# TASK INSTRUCTIONS
Pictures stay out of the copy, and everything else in the data below is repeated exactly.

# DATA SEGMENT
________

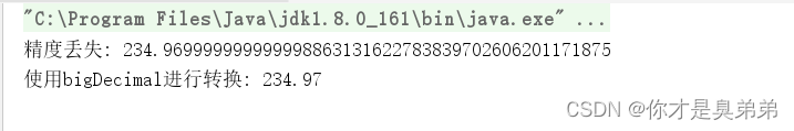 注意 : 结果看并没丢失,原因是这样定义的 BigDecimal.valueOf(234.97);
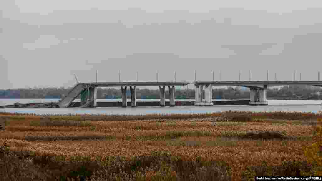 Российские военные уничтожили во время своего отступления Антоновский мост в Херсонской области, фото от 13 ноября 2022 года
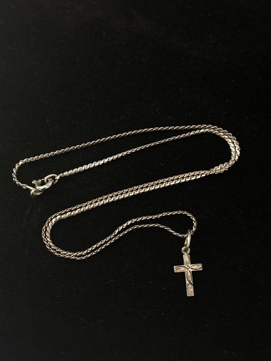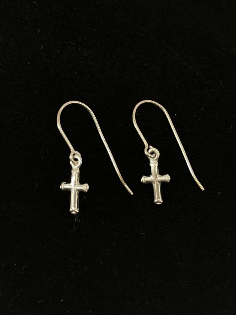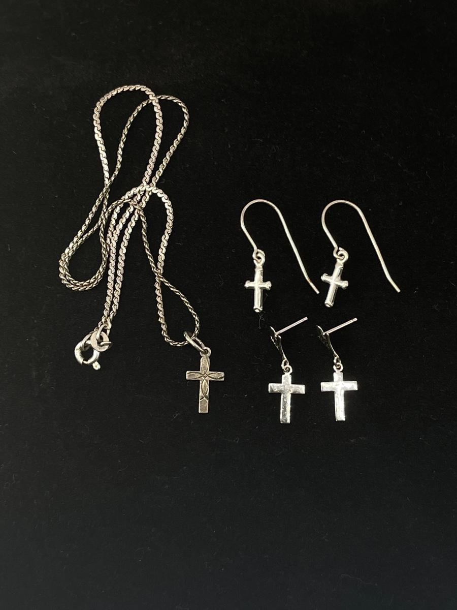 Sterling Assortment includes 15” chain with a 14mm cross pendant with fish inscribed, pair of 13mm cross earrings with a 7/8” dangle and a pair of 12mm cross earrings with a 6/8” dangle (no backs). 4 total grams.
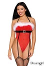 - Body en résille extensible transparente avec baleines rigides sur les bonnets en velours doux, col dos nu élastique réglable et amovible, bordure en fausse fourrure duveteuse, ceinture en velours avec boucle en strass, jarretelles réglables et fermeture à agrafes dans le dos.

________

# ANSWER TO THE EXERCISE
 注意 : 结果看并没丢失,原因是这样定义的 BigDecimal.valueOf(234.97);
 Российские военные уничтожили во время своего отступления Антоновский мост в Херсонской области, фото от 13 ноября 2022 года
 Sterling Assortment includes 15” chain with a 14mm cross pendant with fish inscribed, pair of 13mm cross earrings with a 7/8” dangle and a pair of 12mm cross earrings with a 6/8” dangle (no backs). 4 total grams.
 - Body en résille extensible transparente avec baleines rigides sur les bonnets en velours doux, col dos nu élastique réglable et amovible, bordure en fausse fourrure duveteuse, ceinture en velours avec boucle en strass, jarretelles réglables et fermeture à agrafes dans le dos.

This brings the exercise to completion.